First of all, journaling does not require you to be a great writer. The personal experience of keeping a journal only requires a bit of discipline and a few minutes of quiet time. The important thing is to simply begin. The words that make their way on to paper or the computer screen are for you alone. If you feel blocked and nothing comes to you, begin by writing “I don’t know what to write,” or “I can’t think of a thing to say,” or whatever comes to mind. I’ve even started my personal journaling entries with “blah blah blah!” An interesting thing happens when you just start writing something…anything. You may remember that dream you had last night and begin to wonder what it might mean. A work frustration makes its way on to the paper and you may find a resolution or a reduction in stress by being able to get it out of your mind. Feelings of anger, or sadness, or happiness, or gratitude can surface spontaneously as your write, and then you can write about those feelings. As you continue the practice of journaling regularly, it becomes easier, less intimidating, and I find that many people look forward to the time devoted to journaling. Some may include poetry, sketches, or diagrams with the thoughts expressed in words. A journal is whatever you want it to be. It’s a way to process thoughts, feelings, and emotions which can lead to insights, problem-solving, creativity, self-discovery, reduced stress, and inner peace.

In the book, The Artist’s Way, Julia Cameron writes about a journaling exercise she calls “morning pages.” She instructs readers to write two pages of something upon waking each morning. The content is not as important as the exercise and discipline of writing every day, because the content will come. I even suggest to clients that if two pages sounds like too much, start by writing one page. You might set a specific amount of time to journal and not define journaling by the number of pages. Set a timer and write for 10 minutes, 20 minutes, or whatever amount of time fits your schedule.

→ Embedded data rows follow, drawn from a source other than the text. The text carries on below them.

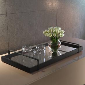 Bandeja Decorativa Preta Espelhada Alça Preta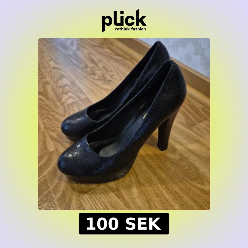 Säljer ett par svarta pumps med hög klack och rund tå. Skorna har ett snyggt ormskinnsmönster och en plattform framtill som ger extra höjd. Perfekta för dig som vill ha en klassisk men ändå trendig look.
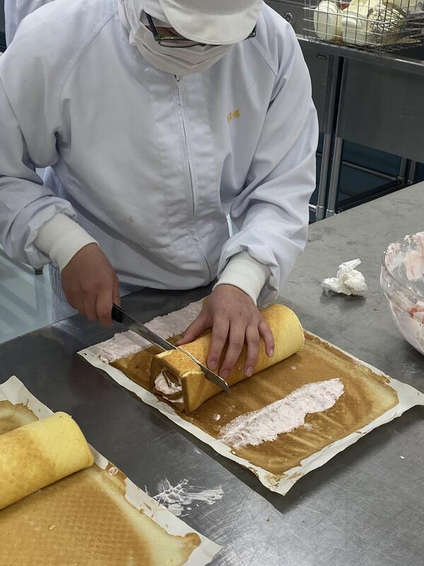 Day 2, students made strawberry jam. First, they learned about kitchen hygiene and food safety management. They made really good ones and they used them for the cream of the cake rolls. They listened carefully to understand what the teacher said because it was their first time, they didn't want to mess up. They struggled a little bit when they rolled the cake, but they did it! We were really happy to share this time with the students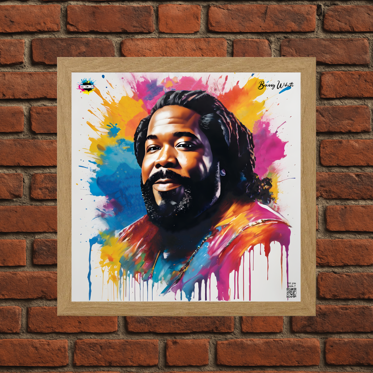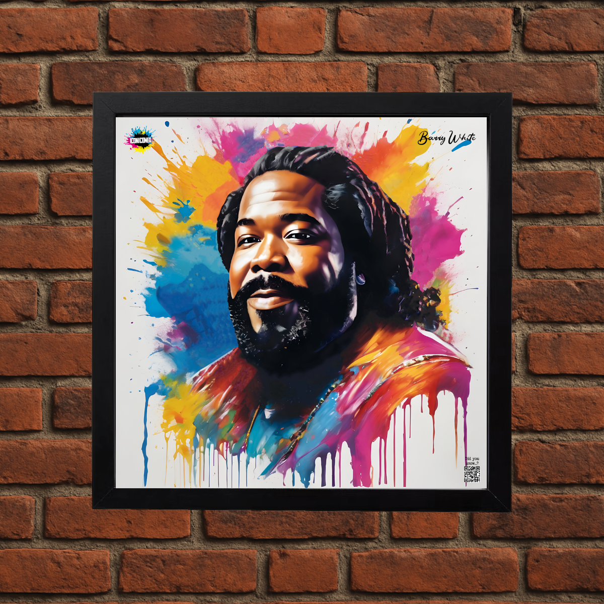In ogni nostra grafica è presente anche un QR code che reindirizza al sito iconicomix.com, alla pagina ufficiale dell’icona che hai scelto. Una porta digitale che racconta la sua storia, le sue frasi e il suo mondo.
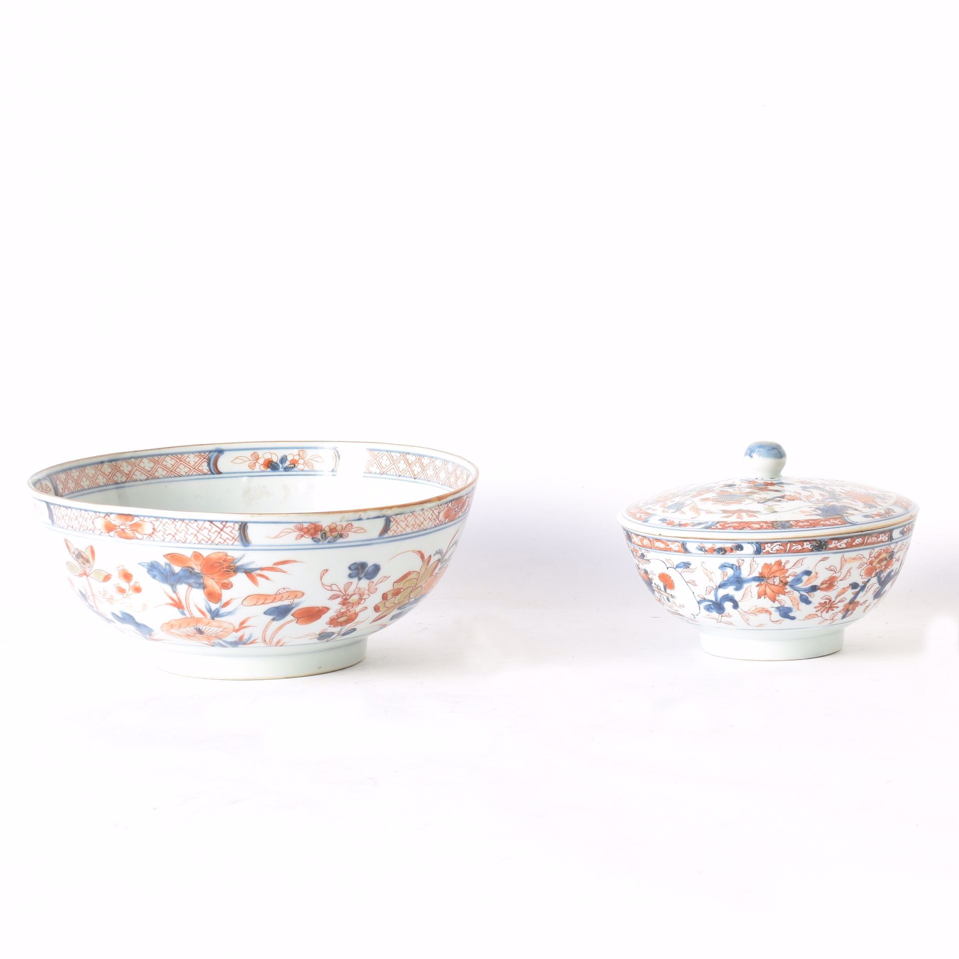 à décor rouge, bleu et doré de vases de jardin et de branches fleuries. 18e siècle.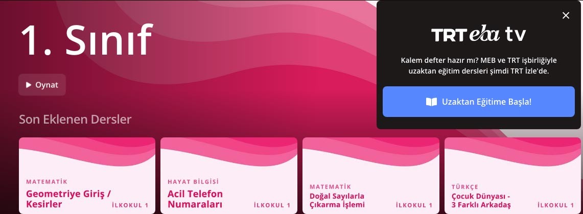Milyonlarca öğrenci TRT EBA TV üzerinden uzaktan eğitim için televizyon ve internet başına geçti. 23 Mart’ta ilk EBA TV uzaktan eğitim zili çalmasıyla birlikte ilkokul, ortaokul ve lise öğrencileri TRT EBA TV üzerinden ders başı yaptı. Milli Eğitim Bakanlığı EBA üzerinden günlük ve haftalık ilkokul, ortaokul ve lise ders programını açıkladı. Peki 1. Sınıf TRT EBA TV ders programı hangi saatlerde 1. Sınıf ders anlatımı var? İşte 1.sınıf TRT EBA TV Çarşamba ders programı canlı ders anlatım saati.
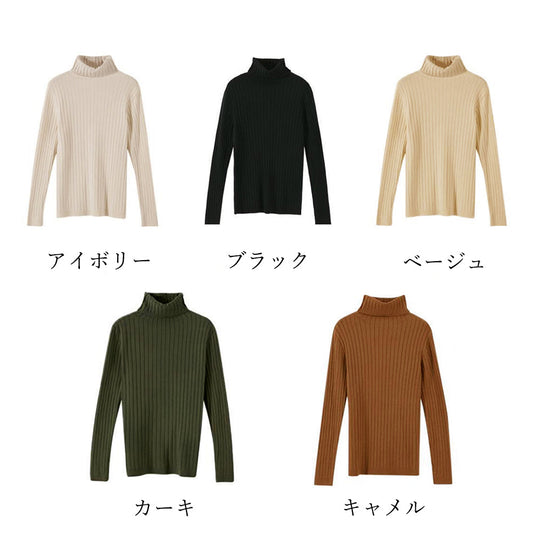 ハイネック ニットセーター レディース トップス リブニットトップス プルオーバー ストレッチ ニットソー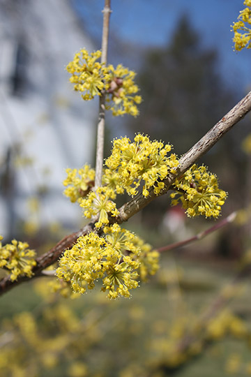 Cornus mas, the Cornelian Cherry Dogwood blooms in late March to early April. |
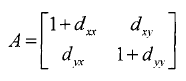 在实际场景中图像I和图像J可以代表前后两帧图像。对于图像特征点金字塔跟踪来说的目的是:对于前一帧的图像I上一点u(ux,uy),要在后一帧图像J上找到一点v(ux+dx,uy+dy)与之相匹配,即灰度值最接近。那么向量d=[dx,dy]就是图像在点u处的运动速度,也就是所说像素点u的光流。为了进一步说明向量d的含义。我们假设前一帧图像经历了仿射变换到后一帧图像,定义变换矩阵为 ![]() 其中四个参数dxx,dyy,dxy,dyx表征着图像中的仿射变形。所以光流计算的目的转变成找到向量d和变换矩阵A使得图像上一块区域内灰度差最小。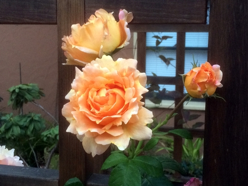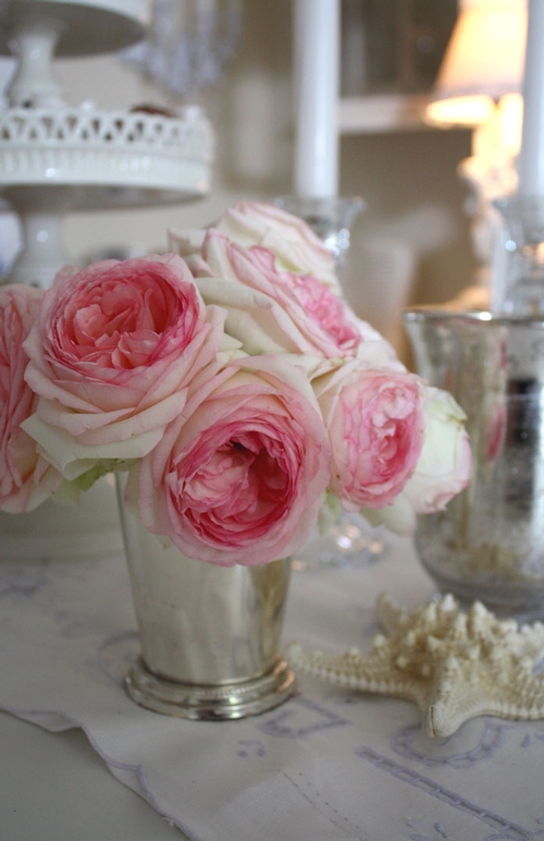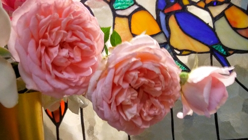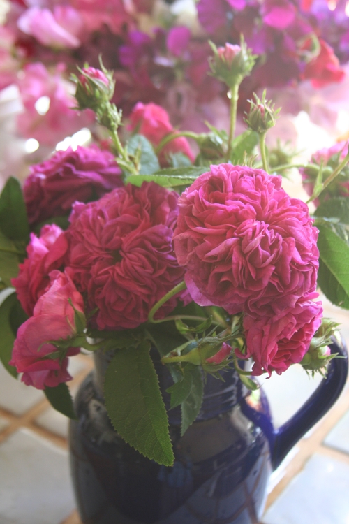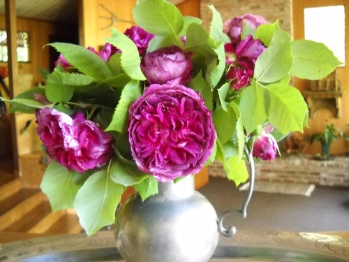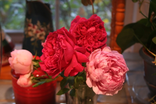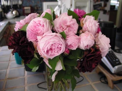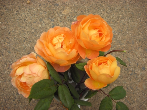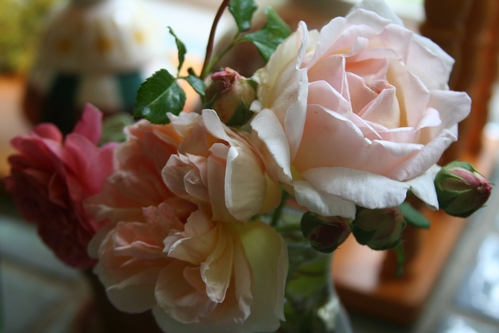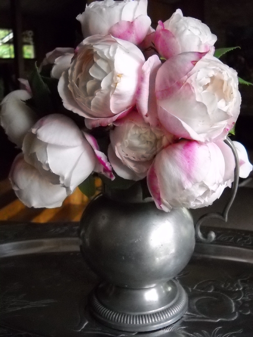 This is a display of Abraham Darby that my wife assembled a few years ago...still one of my favorite rose photos. -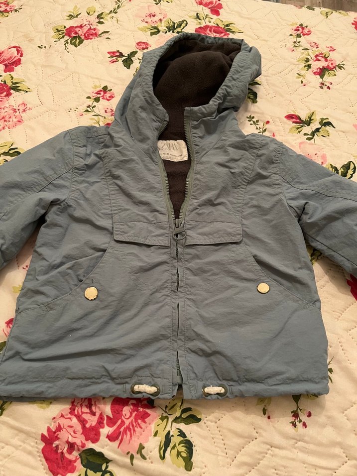 Erkek çocuk için gri renkli, kapüşonlu ve düğmeli ceplere sahip, yumuşak kumaştan üretilmiş bol kesim sokak tarzı mont. Deseni düz ve desensizdir.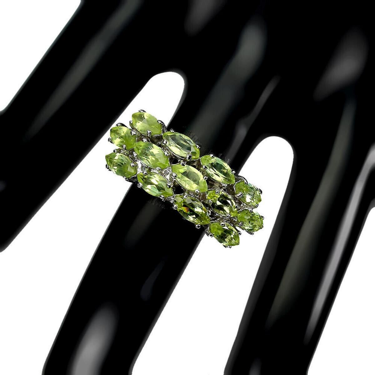 925 STERLING SILVER;PLATE-14K WHITE GOLD;RING SIZE-9(RESIZABLE);MAIN STONE-PERIDOT;TOTAL WEIGHT-5.35 GRAM (TOTAL WEIGHT OF SILVER + STONE);DIMENSION-* STONE 6.0 X 3.0 MM. * RING SIZE 9.0 * FACE RING 27.0 X 10.0 MM.;MAIN STONE SHAPE-MARQUISE;MAIN STONE COLOR-GREEN;CLARITY/GRADE-IF TO VVS;TREATMENT-UNHEATED;ORIGIN-PAKISTAN;HARDNESS-6.5 - 7.0;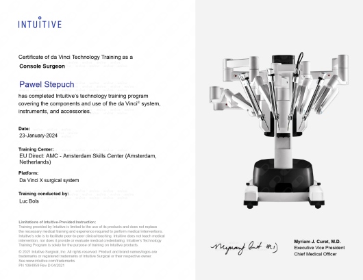 W styczniu b.r. ukończyłem szkolenie zakończone egzaminem operatora systemu robotycznego daVinci w Amsterdam Skills Center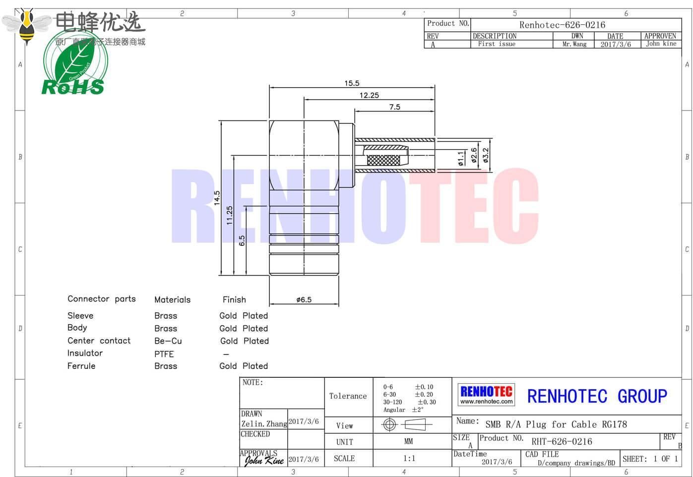 - 公头,弯式,RF射频同轴,SMB连接器,50欧姆,同轴线缆,压接,RG178;

Journaling can provide these benefits and more:

  • Stress reduction
  • Increased focus
  • Improved mindfulness
  • Clarifying and processing thoughts, feelings, and emotions
  • Knowing yourself better through personal insights and self-discovery
  • Increased creativity
  • Defining dreams and goals and plans to attain them

Journaling is a personal experience and there is no right or wrong way to go about it. Just grab a pen and paper (or your computer) and give it a try.